Acoustic and/or Electric? Full finger or to the knuckle? Which finger?


----------



## amagras (Apr 22, 2015)

A glass slide, full finger but it only fit on the pinky and not much on the ring finger. That's why I love Lap Steels, you don't have to put your finger inside!


----------



## Slooky (Feb 3, 2015)

I saw Kurt Swing hammer use a beer bottle, it was awesome!


----------



## cboutilier (Jan 12, 2016)

I dont slide often, but when I do its usually with a Bic lighter.


----------



## Moosehead (Jan 6, 2011)

Slooky said:


> I saw Kurt Swing hammer use a beer bottle, it was awesome!


Thats my buddies uncle; I was at his place a few days ago watching some of Kurts youtube clips. Self taught and not big on theory but a very creative individual.

I first used an old sparkplug socket then moved on to brass and finally to glass. I've done the beer bottle thing and its very hard to do well and make it sound decent.


----------



## cboutilier (Jan 12, 2016)

Moosehead said:


> Thats my buddies uncle; I was at his place a few days ago watching some of Kurts youtube clips. Self taught and not big on theory but a very creative individual.
> 
> I first used an old sparkplug socket then moved on to brass and finally to glass. I've done the beer bottle thing and its very hard to do well and make it sound decent.
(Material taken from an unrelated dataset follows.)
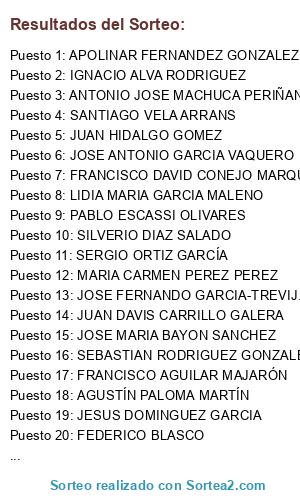 Lista de participantes: ALFONSO VERDUGO JAIME, ANDRES SEGURA AVILA, ANGEL SANCHEZ PADILLA, ANTONIO JIMENEZ RAMOS, ARACELI SUAREZ SANCHEZ, CARLOS BERBEL FERNANDEZ, CARMELO TORRES GARCIA, DAVID RODRIGUEZ RODRIGUEZ, DIEGO CAPARROS GEREZ, EVA ALONSO FORTE, FEDERICO ALONSO CAYUELA, FERNANDO ESPINAR MOLINA, FRANCISCO VALVIA BAYO, GINES J FERNANDEZ PEREZ, IGNACIO FERNANDEZ VERA, JESUS LARA CRESPO LOPEZ, JESUS MARIA PEREZ DE PERCEVAL DIAZ, JOSE ANTONIO GARCIA OCON, JOSE ANTONIO GARCIA VAQUERO, JOSE LUIS QUIRANTES RUIZ, JOSE MARIA MARTINEZ MALDONADO, JUAN AMATE FRANCO, JUAN ANTONIO BARRANCO ARMENTEROS, JUAN DAVIS CARRILLO GALERA, JULIO TORRES CARALLOR, LUIS MIGUEL PARIS LOPEZ, LUZ MARIA FERNANDEZ AGUILERA, MAITE MIRAS SENES, MANUEL ALONSO PORCEL, MANUEL MONTOYA SANCHEZ, MANUELA PORCEL ROMAN, MARI CARMEN CORTES SANCHEZ, MARIA LUISA CIRUGEDA MOTOJO, MARIANO FERNANDEZ MARIN, MIGUEL BELTRAN LOPEZ, SEBASTIAN RODRIGUEZ GONZALEZ, ANGEL MARQUEZ HORRILLO, ANTONIO MORENO BASALLOTE, BORJA MANRIQUE PLAZA, EDUARDO ORTEGA GONZALEZ DEL VAL, FCO. JAVIER SALES ALMOGUERA, FERNANDO MUÑOZ BARAJA, FRANCISCO JAVIER VERDÚ BAEZA, FRANCISCO RODRÍGUEZ HEVIA, IGNACIO CASTRILLÓN FERNANDEZ, JAVIER ARAGON GARCIA, JAVIER SALDAÑA CORRALES, JOSE ANTONIO GONZÃLEZ HERRERO, JOSE FERNANDO GARCIA-TREVIJ. FERNANDEZ, JOSE LUIS CUEVAS GARCIA, JOSE MARIA OTERO-SAAVEDRA, JOSE MIGUEL SANTIAGO COSSI, JUAN CARLOS ARANDA ARENILLAS, JUAN LUIS JIMÉNEZ RODRÍGUEZ, Mª DE LOS SANTOS GONZALEZ VIRUEZ, MIGUEL ANGEL GOMEZ HINOJO, PEDRO LUIS COLLADO TOLEDO, RAFAEL LOPEZ ALVAREZ, RAFAEL MARTINEZ DEL VALLE, ALICIA MORENO CASTRO, ANTONIO PÉREZ, CARLOS JAÉN TOSCANO, CARLOS JESÚS CORRAL BAENA, CARLOS MARIN BELLIDO, CATALINA POZUELO TORRALBO, CRISTOBAL MARTIN AGUILERA, EMILIO NAVARRO, EUSEBIO SALAMANCA, FERNANDO ANGULO TORRALBO, FRANCISCO JOSÉ NAVARRO ESQUINAS, GREGORIO OCAÑA AGUILERA, JESUS EVARISTO PEREZ NARVAEZ, JOAQUÍN FERNÁNDEZ CARRILLO, JOSE ANTONIO RUIZ SÁNCHEZ, JUAN HIDALGO GOMEZ, MANUEL GARCIA MEDINA, MARÍA INMACULADA JIMÉNEZ HITA, MIGUEL CADENAS DE LLANO SOSA, RAFAEL GARCÍA PRIETO, SANDRA LUQUE, ADELA DEL ROSARIO NAVARRO GARCIA, ALEJANDRO JOSE SAN MARTIN DIAZ, ANTONIO JAVIER SANCHEZ MARTIN, ANTONIO JOSE MACHUCA PERIÑAN, ANTONIO MANUEL AGUILAR MEGIAS, ANTONIO SANTIAGO ORTEGA, CARLOS LUQUE CAMPAÑA, CHRISTIAN ENRIQUE DE SEVERAC CANO, CRISTINA BELEN GARCIA COLORADO, CRISTINA JIMENEZ GARRIDO, DAVID NAVARRO CAPILLA, ELVIRA SUAREZ CARMONA, EMILIO GARCIA VILLALTA, EMILIO PEREZ JIMENEZ, ESTER ROSARIO ROMERO RUIZ, FABIOLA MORENO MEDINILLA, FRANCISCO JOSE MORALES ROMERO, FRANCISCO JOSE SANCHEZ ESTEVEZ, ISABEL EGEA FLORES, ISIDRO MOLEON PAIZ, JESUS DOMINGUEZ GARCIA, JESUS MIGUEL JIMENEZ ESCAMILLA, JORGE CASTELLANOS LOPEZ, JORGE CRIADO PEREZ, JOSE LUIS MARISCAL VICENTE, JOSE MARIA SANCHEZ ORTIZ, JOSE MIGUEL JIMENEZ DIAZ, JOSE RODRIGUEZ VARGAS, JOSE ROMERO MALLORQUIN, JUAN DE DIOS LARIOS LOPEZ, JUAN RAMÓN MEDINA POLO, JULIAN GARCIA DIAZ, LEONARDO CESAR GUARDIA GARCIA, LORENZO SOLANO GARCIA, LUIS GUILLERMO ARJONA IZQUIERDO, MAGDALENA LORCA GARCIA, MANUEL JESUS MIRA MARTIN, MANUEL MARTINEZ MADRID, MARCOS CULEBRAS PALAO, MARIA AUXILIADORA SANCHEZ CASTRO, MARIA DOLORES GIMENEZ FERNANDEZ, MARIA JOSE ARROYO GUERRERO, MARIA JOSE GRANIZO DIAZ, MARIA TERESA FLORES VILAR, MARIA TRINIDAD LAGUNA HARO, MARIÁNGELES RUIZ JIMÉNEZ, MARTIN JESUS LOPEZ CORRAL, MIGUEL A. ENAMORADO ARANDA, MIGUEL ANGEL MOLES QUITIAN, MIGUEL ANGEL SALVATIERRA MESA, MIRIAM RUIZ CRESPO, MONICA MORENO SOTO, PALOMA GARCIA MOLINA, PAULINO V. BAENA LOPEZ, PEDRO JOSE DE LA O GARCIA, RAFAEL GIRON FERNANDEZ CRE., ROCIO GUZMAN ARIAS, SANDRA MARIA NAVARRO JIMENEZ, DAVID MARTINEZ POZO, FRANCISCO JOSE RUFINO DURAN, FRANCISCO RICO RODRIGUEZ, JOSE GOMEZ DOMINGUEZ, JOSE JULIAN PAMPANO GARCIA, JOSÉ MARIA MARTINEZ SOUSA, JUAN MANUEL RODRIGUEZ MURIEL, MARIA DEL MAR ROJANO GARCIA, NOELIA MARIA SANTANA GOMEZ, SIMON GUERRA RODRIGUEZ, ENCARNACION CORTES PRIETO, FRANCISCO JAVIER FERNANDEZ DONCEL, MANUEL ANGEL GILA GONZALEZ, RAMON GARCIA MATEO, ADRIAN BLANCO ROSADO, ADRIAN GIL VERA, ADRIANO ALBERTO PEREZ LOPEZ, ALEJANDRO MALDONADO RODRIGUEZ, ALFONSO JOSE JANEIRO RODRIGUEZ, ALVARO FDEZ DE LIENCRES AGUILO, ANA MARIA TORCUATO TRIGUERO, ANTONIO FCO. GEA MUÑOZ, ANTONIO FERNANDEZ FORNIELES, ANTONIO NARANJO SANCHEZ, APOLINAR FERNANDEZ GONZALEZ, BEATRIZ BENITEZ GARCIA, DAVID LOPEZ MORENO, ENRIQUE AGUILAR VEGA, FATIMA ARIAS GARCIA, FERNANDO DIAZ ESCOBAR, FRANCISCO DAVID CONEJO MARQUEZ, FRANCISCO F. GUTIERREZ CRUZ, FRANCISCO GIL MARQUEZ, FRANCISCO JAVIER ARCAS PEREZ, FRANCISCO JAVIER CALVO CAZALLA, FRANCISCO JAVIER RUIZ MARIN, FRANCISCO MIGUEL PEREZ NODA, FRANCISCO PEREZ SERRANO, JESUS CABRERA LOPEZ, JORGE DIAZ LOPEZ, JORGE MACIAS MORENO, JOSE ALFONSO ALISES SUAREZ, JOSE ANTONIO CONDE HEREDIA, JOSE ANTONIO SALAZAR REY, JOSE CHICON JIMENEZ, JOSE IGNACIO ARANDA CASAS, JOSE LUIS ALFONZO LEON, JOSE LUIS GARCIA CHILLON, JOSE MARIA GUTIERREZ CANO, JOSE MARIA PAREDES SANTOS, JUAN DOMINGO RUIZ DE MIER, JUAN JOSE TRUJILLO CEBRIAN, LIDIA MARIA GARCIA MALENO, LORENZO JOSE FUENTES HIDALGO, LUIS ALFONSO MARTIN DELGADO, LUIS CASTILLA ESTEVEZ, MANUEL A. RODRIGUEZ FERNANDEZ, MANUEL RAMOS GIL, MANUEL ROMERO TORRES, MARIA CARMEN PEREZ PEREZ, MARIA DEL MAR SOLIS MARTIN, MARIA ISABEL HERROJO MILLAN, OLGA PEREZ ZAFRA, PABLO ESCASSI OLIVARES, PABLO RAFAEL PASTOR VEGA, PEDRO GONZALEZ-TORUÑO PEREZ, RAFAEL REYES MORENO, RAUL CORBACHO LEDESMA, RAUL JALON NEIRA, RICARDO JIMENEZ MARTIN, RICARDO PASCUA MANZANO, ROCIO LARA BUENO, ROSANA VALENZUELA CASTILLO, SALVADOR GOMEZ RANDO, SERGIO CUBO CLEMENTE, SILVERIO DIAZ SALADO, TRINIDAD ORTIGOSA MELENDEZ, VICENTE ALGABA HERRERO, VICENTE PABLO GONZALO MARIN, YOLANDA TRUJILLO DOMINGUEZ, AGUSTÍN AGUSTÍN FERRERA DOMÍNGUEZ, AGUSTÍN PALOMA MARTÍN, ALBERTO BERNABÉU, ALBERTO TEROL PEDRERO, ALEJANDRO LUCIANO BERNARDEAU CLÉRICI, ALICIA DOMINGO TORRECILLAS, ALMUDENA LABOISSE RODRIGUEZ, ANA MARIA GONZALEZ, ANGEL BALLESTEROS RODRIGUEZ, ANTONIO ALFONSO CASAS SANCHEZ, ANTONIO BARRAGAN CASTAÑO, ANTONI

My bandmate nails the beer bottle pretty damn well. Buts he's no Danny Gatton.


----------



## Mooh (Mar 7, 2007)

Usually third (ring) finger, rarely pinky. It depends on the slide how I wear it, full finger and to the next knuckle. Rock slides in both glass and brass, custom made ceramic slides, Dunlop and Sir Ramic ceramic slides, Dunlop pyrex slides, wine and beer bottlenecks, Coricidin bottle reproductions, and a variety more. Electric and acoustic, prefer resonators.

My usual preference is a ceramic slide unless I'm otherwise looking for a specific tone.


----------



## zontar (Oct 25, 2007)

I fool around with slide--and have been learning it on & off over time.

As for the slide--I prefer brass, I have tried chrome, copper & glass.
I usually wear it on my pinky and full finger.

I mostly play it on electric (My acoustics a re classical & a 12 string.)
I have a LP copy I have set up for slide & usually tuned to Open G.


----------



## shoretyus (Jan 6, 2007)

Brass slide


----------



## citizenkris (Jul 27, 2010)

On my reso it's brass on the pinky to the knuckle, on electric it's glass, same position.

I've got a box of dozens of different styles, sizes and materials, but the one I've been playing with the longest and like the most is the Rock Slide, Landreth signature version. It's their small one, which fits my pinky perfectly with no unwanted movement, but long enough for 6 string coverage. Their regular small size can only cover 3 strings or so. I've got the ball tip one too and it fits just as well, but I like the little cut-out for my ring finger.

The Rock Slide | The Bros. Landreth Signature Guitar Slide


----------



## Sneaky (Feb 14, 2006)

Shubb Pearce for lap and glass for standing up, on ring finger.


----------



## mrmatt1972 (Apr 3, 2008)

Ring finger, dunlop glass on electric, thick walled steel on acoustic. Love ceramic too, but I always break them. I have made a few using wine bottle necks, they feel great because of the taper.


----------



## colchar (May 22, 2010)

Ring finger, to the knuckle, Dunlop thick walled glass slide. But I also have a thick brass slide and a Dunlop Blues Bottle slide.


----------



## zontar (Oct 25, 2007)

mrmatt1972 said:


> Love ceramic too, but I always break them.


This is one reason I don't use ceramic or glass.
Although the sound of brass also suits me better.
And I have a glass slide that came with my cardboard cigarbox type guitar...


----------